The index TBD - or zero - - what is a meaning of it?
and what sometimes there are question mark ? It is a standard and everything should be clear to the reader 
 
In addition to the typos and clarification needed:
There is a lot of places referring to SDM or SSAP in obsolete versions.
I suppose the SSA 1.0 et least (or 1.1.) should be referred to 
(in 3.3, B.4.3, B.5, B.6.5.2, ) and SDM probably the 1.1
(in 3., B.3.7, B.6.2, )
One inconsistency in table 5 and definition in B.6.2.1
there is no the em_calib_status in the table, but in B.6.2.1 it is defined. as {calibrated,uncalibrated,relative and normalized}.
I think it should be the level of wavelength calibration (not flux)
so the usage of "normalized" is questionable  (in SSA we have normalized only for fluxcalib). But it would break the symmetry in DM (same calibration for all axes)
However, I think, the introduction of observable axis o_calib_status in B.6.5.2 is the correct place but it is {absolute,relative,normalized, any}
B.6.5.2. refers to SSA (it is a value of FLUXCALIB query parameter)
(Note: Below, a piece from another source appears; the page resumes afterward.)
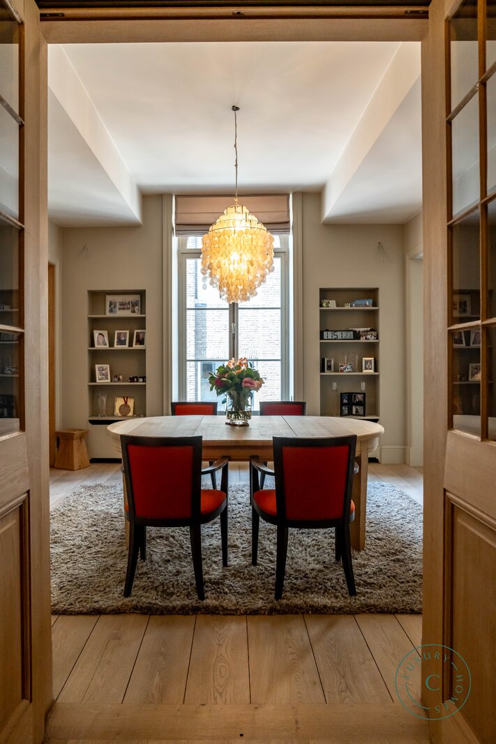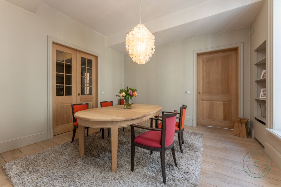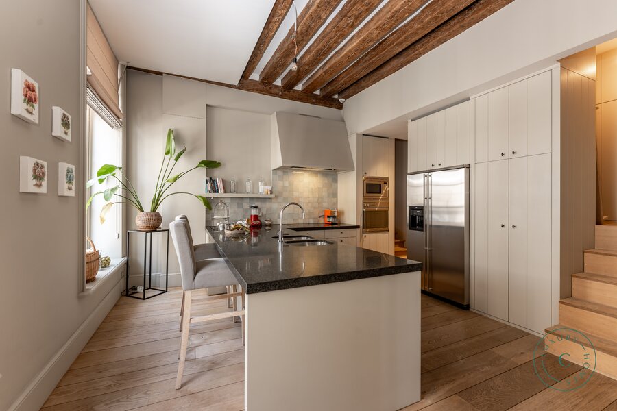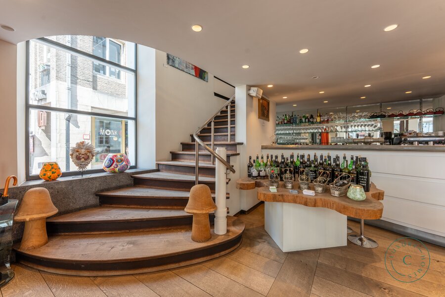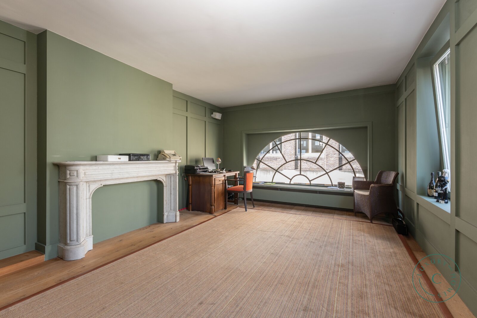 Op de eerste verdieping ligt de ruime, smaakvol ingerichte privéwoonst met inkomhal, lichtrijke leefruimte met open haard en spectaculair zicht op het Belfort, een royale eetkamer, ruime keuken, badkamer en bureauruimte. De tweede verdieping omvat drie slaapkamers en een centrale dressing.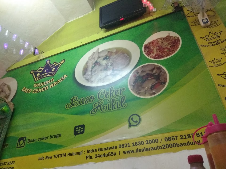 Baso Ceker Braga adalah kuliner legendaris di kawasan Braga, Bandung, terkenal dengan bakso urat, bakso halus, dan ceker ayam empuk dalam kuah kaldu gurih. Menu variatif seperti bakso, mie bakso, hingga batagor tersedia dengan harga terjangkau. Cocok untuk makan bersama keluarga atau teman, tersedia layanan makan di tempat dan bawa pulang. Rasanya otentik, porsi melimpah, dan selalu ramai pengunjung.

So in query I can use "any" abut if it is describing characterization (data model ) - it is not directly corresponding to query,
however absolute, relative is a both state and query ....
I feel the columns from ObsCore should be mainly used for queries - so the SSA value of any is correct then the SDM.
I  think the whole em_calib_status should be referring to SSA query params .... and the value of "normalized " kept for symmetry in SDM (maybe I can normalize the wavelength as well  to get relative value of distance from given line in e.g. percents...)
The same inconsistency in table 5 and B.6.1.4.
the s_calib_status is defined {uncalibrated,raw, calibrated} but in table is NOT CALIBRATED, FINE COARSE....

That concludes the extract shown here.